Both the tights and the shirt are sized Medium. I can wear the shirt like a tunic. The tights fit but don't have much give to them in spite of claiming to be made of lycra and nylon. They have seams that leave red marks on my skin afterward. They also have a tag right on the back seam which eventually chafes when I do abdominal exercises. It's a good thing I only wear this once a year.

It's a Shoulders Plus workout day, which just means cardio, core, and deltoids. At first, I'm cold and I have my hoodie zipped all the way up. I appear to be the only person celebrating Halloween. Perhaps it's because the day is so dreary, rainy and dark. Or because it's a Thursday. I don't really care. I get my 30 plus minutes of cardio done, stretch, do my core workout and come back into the free weight area to work shoulders.

I use the regular 10 lb DBs instead of the chrome beauty bells and am surprised by how much easier doing Shoulder Presses feel.
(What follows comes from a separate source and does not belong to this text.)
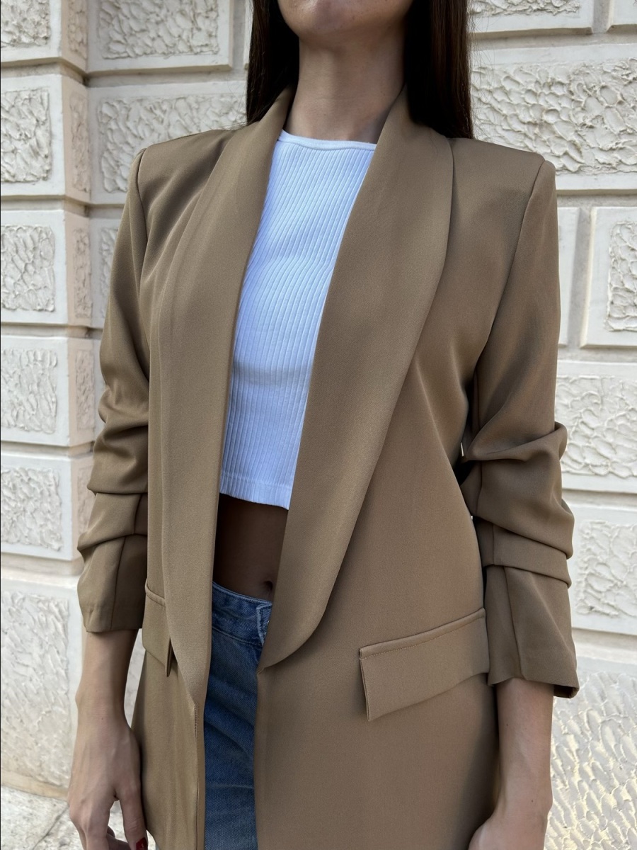 Blazer beige con maniche arrotolate. Doppiopetto senza bottoni

Perhaps because I actually did those mid- and high-band pulls at the Stretch Cage? However, I'm so spacey that I can't remember whether I did 2 or 3 sets. Ugh. Time to move on. The DB Lateral Raises superset with Reverse Inclined Flys are still heavy. At least until I warm up. By the 4th set, they feel pretty good. Done!

All I really need to do is a bit more cardio so I choose the Step Mill. The one with the working HR monitor is occupied so I use the other one. The slightly faster speed definitely makes this more exciting. And then some stretching. Well, whatever stretching my tights will actually let me do.

Halloween Thursday Shoulders

30 + 5 cd elliptical
Program 1
Miles 2.95
Calories 333
HR 152-200 (87, 98, 96, 94)

Cage Stretch
Mid-Band Pull 15
Hi-Band Pull 15

Elbow Plank 60s
Crunches 60/60
Bicycles 60
Horizontal Scissors 60
Side Planks 2 x 60s
Bird Dogs 2 x 60s

DB Shoulder Press s/s Front Raises
10 lbs x 12 reps x 2

DB Laterals s/s Rev Incl Flys
20lbs x 12/20 reps x 4 sets

20 Step Mill
Level 4
Calories 128
Total steps 842
Floors 52
HR n/a

Stretch

Wednesday, October 30, 2019

Listening to Your Body

My anxiety is getting the best of me and ruining my sleep. Last night I only got five and a half hours. I averaged six over the weekend, which isn't even close to optimal. I wake up with my heart pounding and a sense of dread and doom that has nothing to do with any dreams I've had. It makes me appreciate the morning bird calls as a wakeup alarm because that's not jarring like most of the melodies I have access to. So it's not as if I can't sleep through the night. It's just that I never seem to get to bed on time. Last night I listened to thumping and banging for an hour. It turns out my son couldn't sleep and decided to rearrange his room at midnight.

I really want to go back to bed after my son gets on the school bus, but I drive to the gym instead. It's a Pull Day and of course, I'm starting with cardio. I beat Snow Bird to the Stretch Cage and get my pull-ups done before going to the aerobic room for core exercises. Everything is going fine until I get to the Smith for RDLs. I momentarily lose focus during the warm-up at 80 lbs and immediately know something isn't right. It's as if something shifted in my lower back, chiclets have fallen out of alignment and it's more than uncomfortable. However, it's not horribly painful, but it's not right either.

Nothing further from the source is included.